Jul 25, 2017 at 12:00am ET By Alyssa Walker

Buddy programs, or mentor programs, are the key to your success as an international student.  The good news is that they exist in some form at most schools. 

What happens with a buddy program?  Typically, international students are paired with current students, prior to coming to campus.  When they arrive, they already know their buddy—and to whom they can direct their questions and concerns. 

In most programs, students are matched based on shared interests, language, course of study, and other student requests, like sports and activities. 

Buddies also have options to connect on social media before coming to campus.  Many schools use tools like group Facebook pages and Twitter accounts to link buddies before even meeting. 

If you’re a current or aspiring international student, read on.  Embrace your buddy program—and maybe even become a buddy yourself.


1. Campus Navigation

Perhaps the biggest thing a buddy can help you do is adjust to life on campus—and learn your way around.

If you want advice on where to go, how to get there, and what you should do, your buddy can not only tell you, but will probably offer to go there with you. 

Bottom line?  Don’t be shy.  In an article in US News and World Report, Chinese national Chloe Feng, an international student at McGill University, had a buddy when she first arrived.  Her experience was so positive, she is now a buddy to new students.

She said that new students should ask their buddy about everything related to being a part of the campus community.

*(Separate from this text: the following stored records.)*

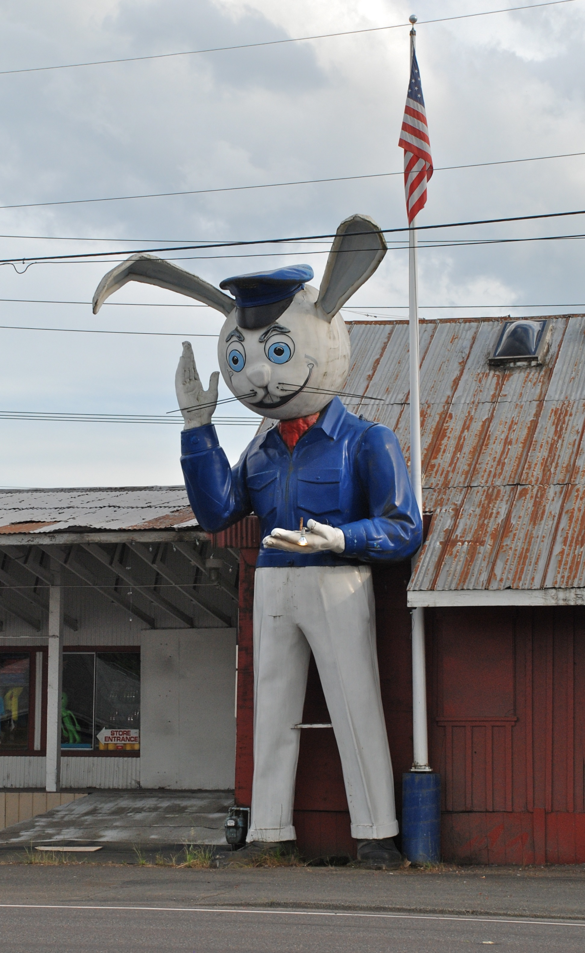 Harvey the Giant Rabbit - novelty statue at Harvey Marine / Harvey Boat Works in Reedville, Oregon.
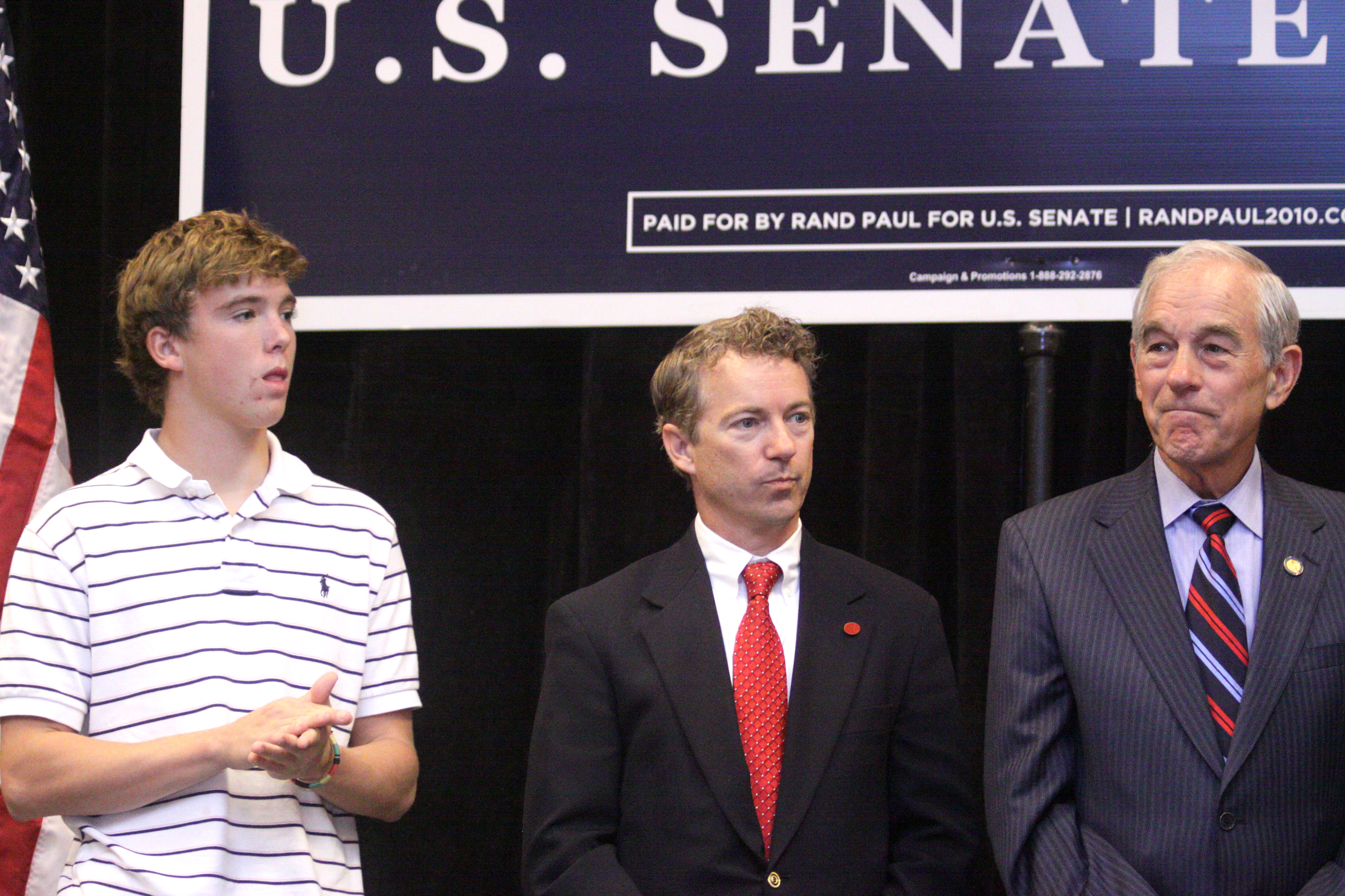 United States Senate candidate Rand Paul at a rally in Erlanger, Kentucky, along with Texas Congressman Ron Paul and his son, Will Paul. Unauthorized use by any candidate or candidate's committee is strictly prohibited without approval.
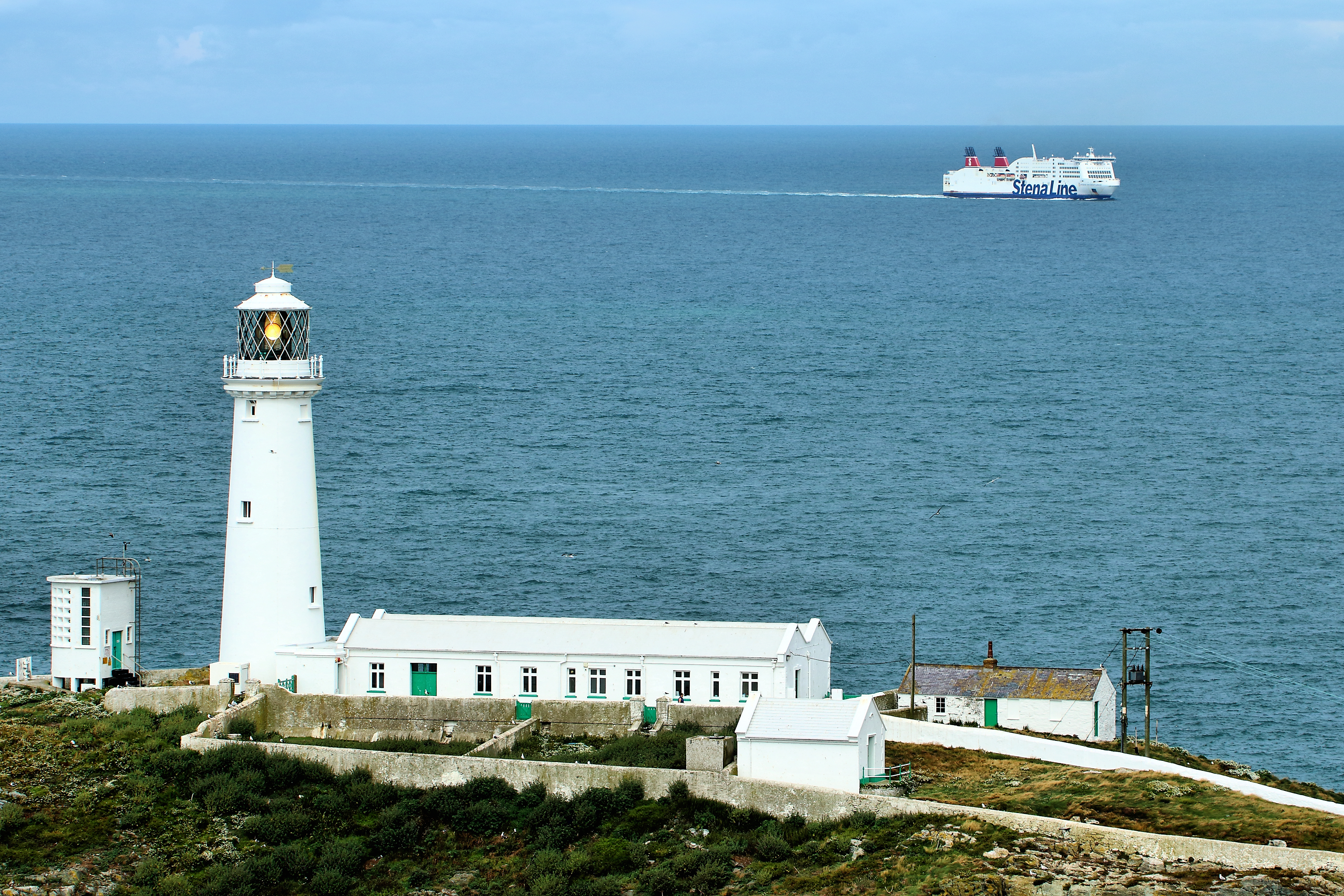 Anglesey 2015 - Holiday
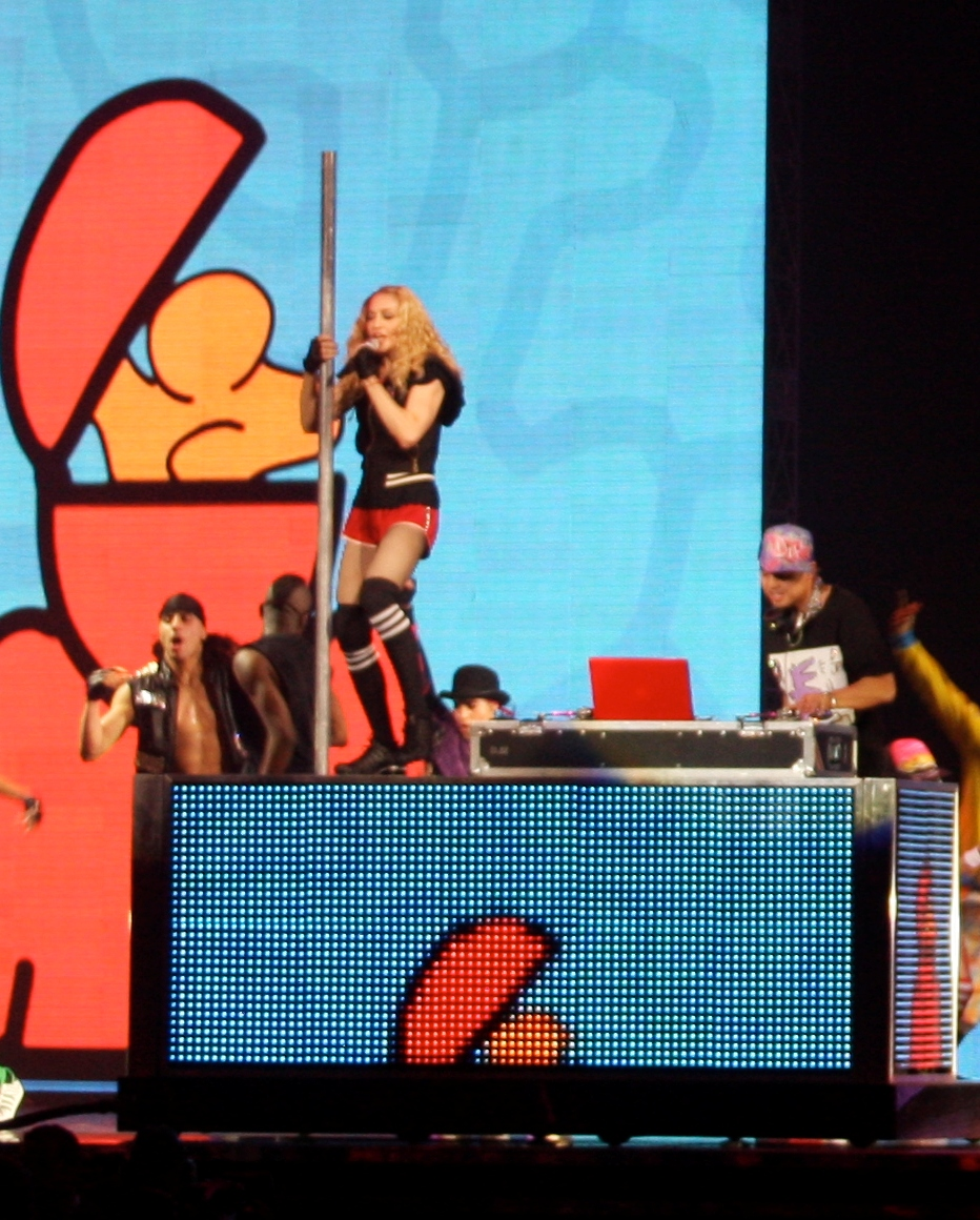 Into the groove

She said, “They can also ask what documents to prepare for enrollment during the first few days and about health insurance.”  She added, “If the questions they are asking are out of the buddy’s knowledge, buddies will refer them to someone who knows.”


2. Language Help

Sometimes, international students are not fluent in their host country’s language.  Not to worry—buddies can help with the transition and recommend language programs and resources, both on-campus and off.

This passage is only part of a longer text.